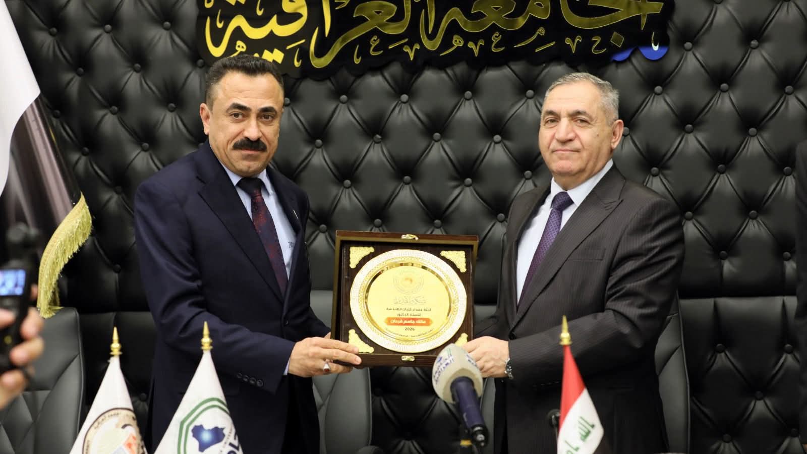 عميد كلية الهندسة بجامعة ديالى يشارك في اجتماع لجنة العمداء ويُكرَّم من قبل رئيس الجامعة العراقية
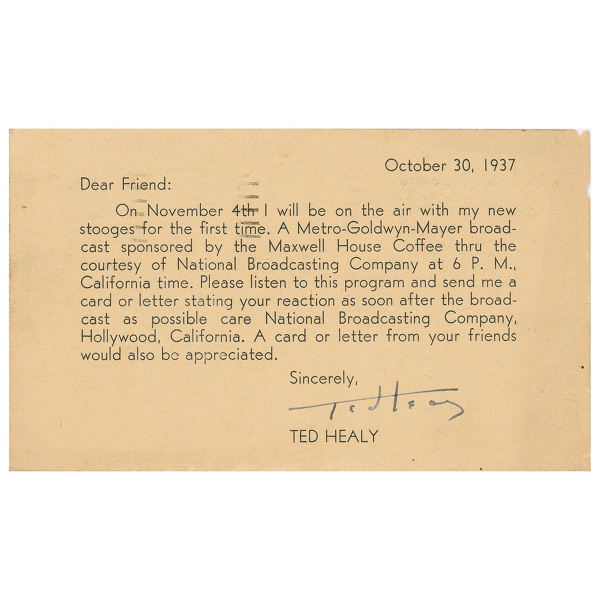 American actor (1896–1937) who, as a vaudeville impresario, assembled the act that evolved into the Three Stooges. The tumultuous relationship between Healy and his star trio, fueled largely by Healy’s heavy drinking, led to several rifts and reconciliations, until the Stooges struck out on their own for good in 1934. TLS, one page, 5.5 x 3.25, October 30, 1937. Letter to a fan reads, in part: “On November 4th I will be on the air with my new stooges for the first time…Please listen to this program and send me a card or letter stating your reaction as soon after the broadcast as possible.” Scattered light soiling, uniform toning and light cancellation marks near top, otherwise fine condition. The original Stooges (Moe, Larry, and Curly) left Healy for good in 1934, only to be ‘replaced’ by some “new stooges” three years later.
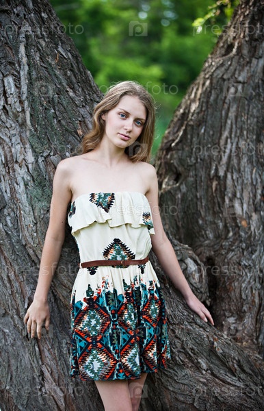 Красивая девушка у большого дерева
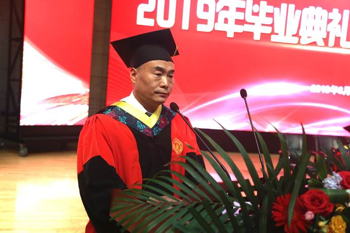 副校長俞樹榮宣讀《關(guān)于準(zhǔn)予研究生、本科生畢業(yè)的決定》
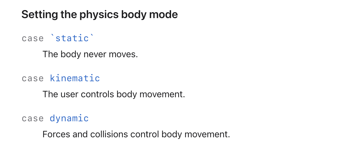 entity.physicsBody?.mode = .kinematic
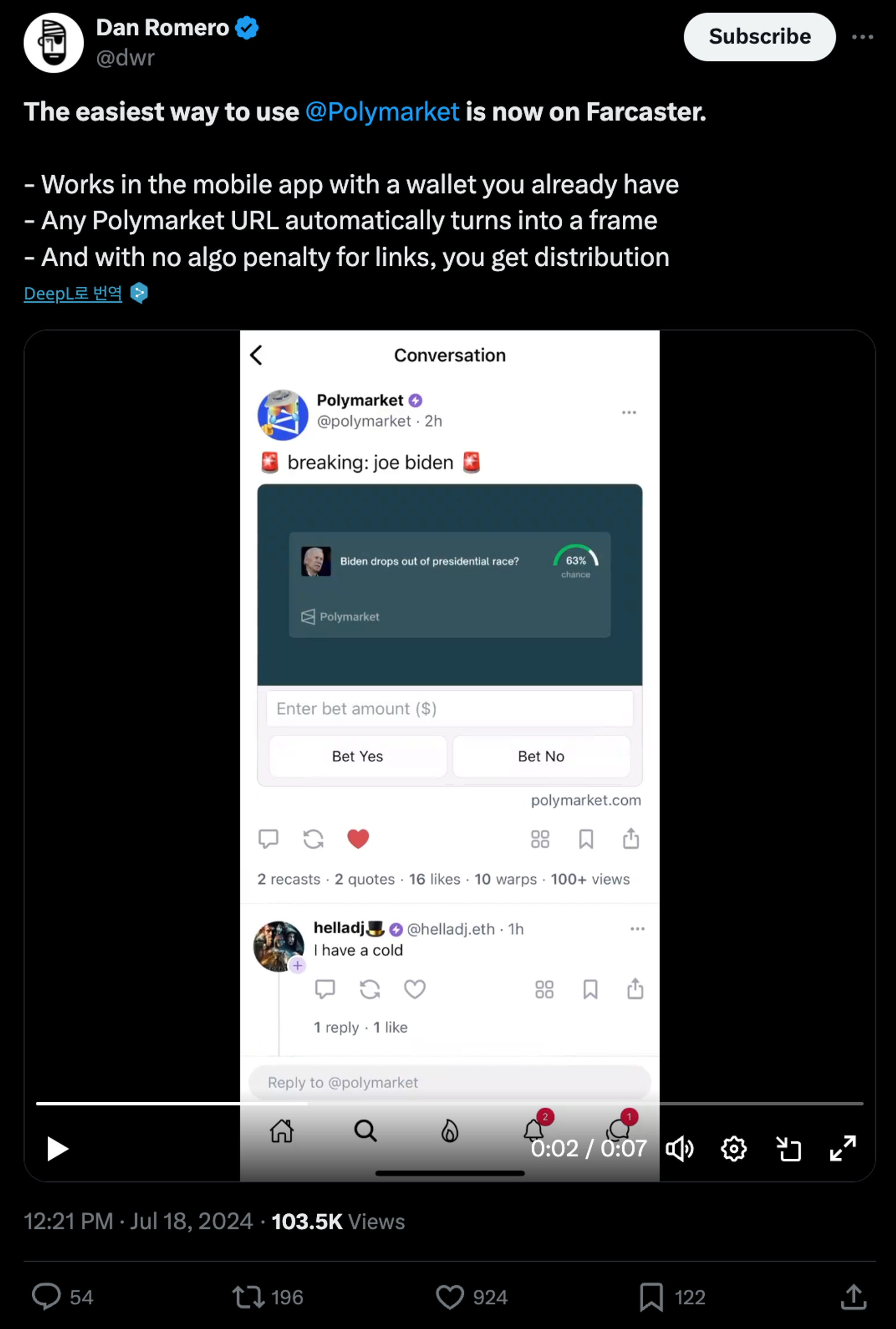 Given the inherent nature of prediction markets that necessitate discussion, the integration of Polymarket with social applications presents the most natural interoperability model. The social network protocol Farcaster features a Frame that allows users to execute Polymarket prediction market bets directly within the Farcaster application. Frame is a feature that embeds interactive applications within Farcaster's social feed, enabling direct execution of other applications within the social feed without the need to navigate to external platforms. By utilizing the Polymarket Frame, users can automatically convert Polymarket URLs into Frames, allowing them to place bets directly within Farcaster using Coinbase Wallet, which is optimized for mobile environments.
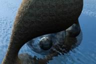 Another one, very different. This time, I used a seashore texture, slightly modified, by David Brinnen for the groundpland. The three lobed ring is the combers texture by David Brinnen. Sphere one is a glass bubble and sphere 2 and 3 are 'lint' from the clouds-surfaces material. The IBL used for the sky is the ErmClouds01_SD_SC HDRI. Another one is running with the same settings, but this time 100% anisotropy (radial) added to the combers texture on the three lobed ring. I will add that one to this thread later.
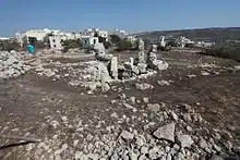 The Ta' Ħaġrat temple in Mġarr is on the eastern outskirts of the village, roughly one kilometer from the Ta' Skorba temples.[46] The remains consist of a double temple, made up of two adjacent complexes, both in the shape of a trefoil. The two parts are both less regularly planned and smaller in size than many of the other neolithic temples in Malta, and no blocks are decorated.[47] Sir Temi Żammit excavated the site in 1925–27. A village on the site that pre-dates the temples by centuries has provided plentiful examples of what is now known as Mġarr phase pottery.[48]

========================================

Work request
Would you give the entries above again verbatim, omitting the images they contain?

Response
 عميد كلية الهندسة بجامعة ديالى يشارك في اجتماع لجنة العمداء ويُكرَّم من قبل رئيس الجامعة العراقية
 American actor (1896–1937) who, as a vaudeville impresario, assembled the act that evolved into the Three Stooges. The tumultuous relationship between Healy and his star trio, fueled largely by Healy’s heavy drinking, led to several rifts and reconciliations, until the Stooges struck out on their own for good in 1934. TLS, one page, 5.5 x 3.25, October 30, 1937. Letter to a fan reads, in part: “On November 4th I will be on the air with my new stooges for the first time…Please listen to this program and send me a card or letter stating your reaction as soon after the broadcast as possible.” Scattered light soiling, uniform toning and light cancellation marks near top, otherwise fine condition. The original Stooges (Moe, Larry, and Curly) left Healy for good in 1934, only to be ‘replaced’ by some “new stooges” three years later.
 Красивая девушка у большого дерева
 副校長俞樹榮宣讀《關(guān)于準(zhǔn)予研究生、本科生畢業(yè)的決定》
 entity.physicsBody?.mode = .kinematic
 Given the inherent nature of prediction markets that necessitate discussion, the integration of Polymarket with social applications presents the most natural interoperability model. The social network protocol Farcaster features a Frame that allows users to execute Polymarket prediction market bets directly within the Farcaster application. Frame is a feature that embeds interactive applications within Farcaster's social feed, enabling direct execution of other applications within the social feed without the need to navigate to external platforms. By utilizing the Polymarket Frame, users can automatically convert Polymarket URLs into Frames, allowing them to place bets directly within Farcaster using Coinbase Wallet, which is optimized for mobile environments.
 Another one, very different. This time, I used a seashore texture, slightly modified, by David Brinnen for the groundpland. The three lobed ring is the combers texture by David Brinnen. Sphere one is a glass bubble and sphere 2 and 3 are 'lint' from the clouds-surfaces material. The IBL used for the sky is the ErmClouds01_SD_SC HDRI. Another one is running with the same settings, but this time 100% anisotropy (radial) added to the combers texture on the three lobed ring. I will add that one to this thread later.
 The Ta' Ħaġrat temple in Mġarr is on the eastern outskirts of the village, roughly one kilometer from the Ta' Skorba temples.[46] The remains consist of a double temple, made up of two adjacent complexes, both in the shape of a trefoil. The two parts are both less regularly planned and smaller in size than many of the other neolithic temples in Malta, and no blocks are decorated.[47] Sir Temi Żammit excavated the site in 1925–27. A village on the site that pre-dates the temples by centuries has provided plentiful examples of what is now known as Mġarr phase pottery.[48]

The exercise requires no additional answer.